* Action item *
Without any images, write the data out exactly as it appears.

* Provided material *
******
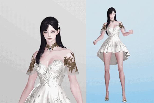 【命定契约礼装外观】的女款为礼服款式,淡雅的白色花朵发饰,颈部华丽的蓝宝石,裙上点缀的暗纹,让整套外观更加柔美,端庄中即雍容又清新。
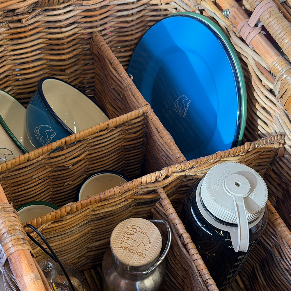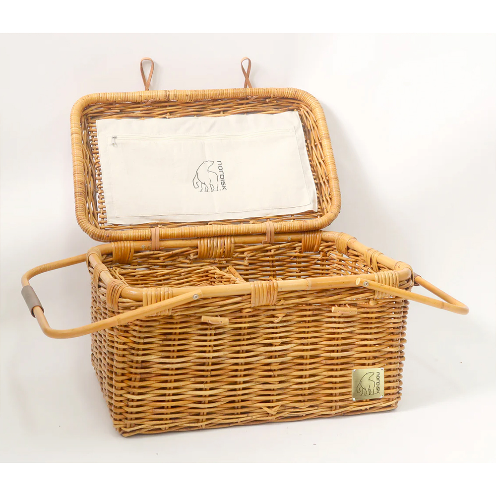 軽く丈夫で通気性にも優れたラタン(籐)製のNORDISKバスケットです。
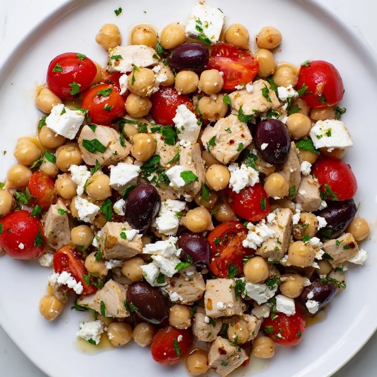 Save My neighbor brought over a version of this salad after I helped her move furniture one Saturday, and I ate it straight from the container standing at my kitchen counter. The tang of lemon and brine from the olives hit first, then the creaminess of feta, and I realized I'd been making chicken salad wrong my whole life. She laughed when I asked for the recipe, saying it wasn't really a recipe, just things she always had around. I've made it at least twice a month since then, and it never gets old.
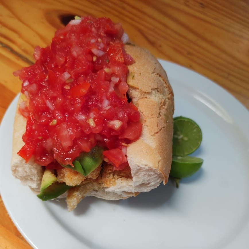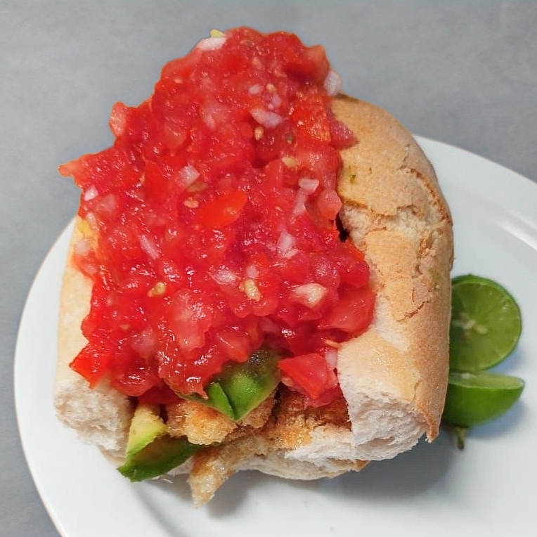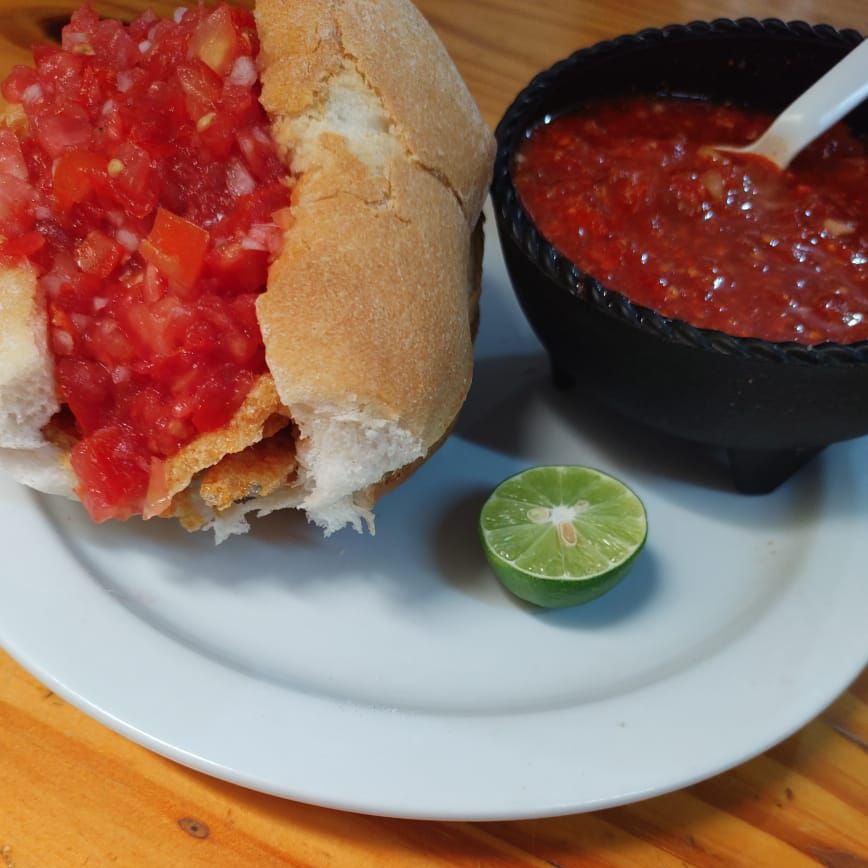 Bolillo, duro, aguacate, salsa y limón.
******
* Task output *
 【命定契约礼装外观】的女款为礼服款式,淡雅的白色花朵发饰,颈部华丽的蓝宝石,裙上点缀的暗纹,让整套外观更加柔美,端庄中即雍容又清新。
 軽く丈夫で通気性にも優れたラタン(籐)製のNORDISKバスケットです。
 Save My neighbor brought over a version of this salad after I helped her move furniture one Saturday, and I ate it straight from the container standing at my kitchen counter. The tang of lemon and brine from the olives hit first, then the creaminess of feta, and I realized I'd been making chicken salad wrong my whole life. She laughed when I asked for the recipe, saying it wasn't really a recipe, just things she always had around. I've made it at least twice a month since then, and it never gets old.
 Bolillo, duro, aguacate, salsa y limón.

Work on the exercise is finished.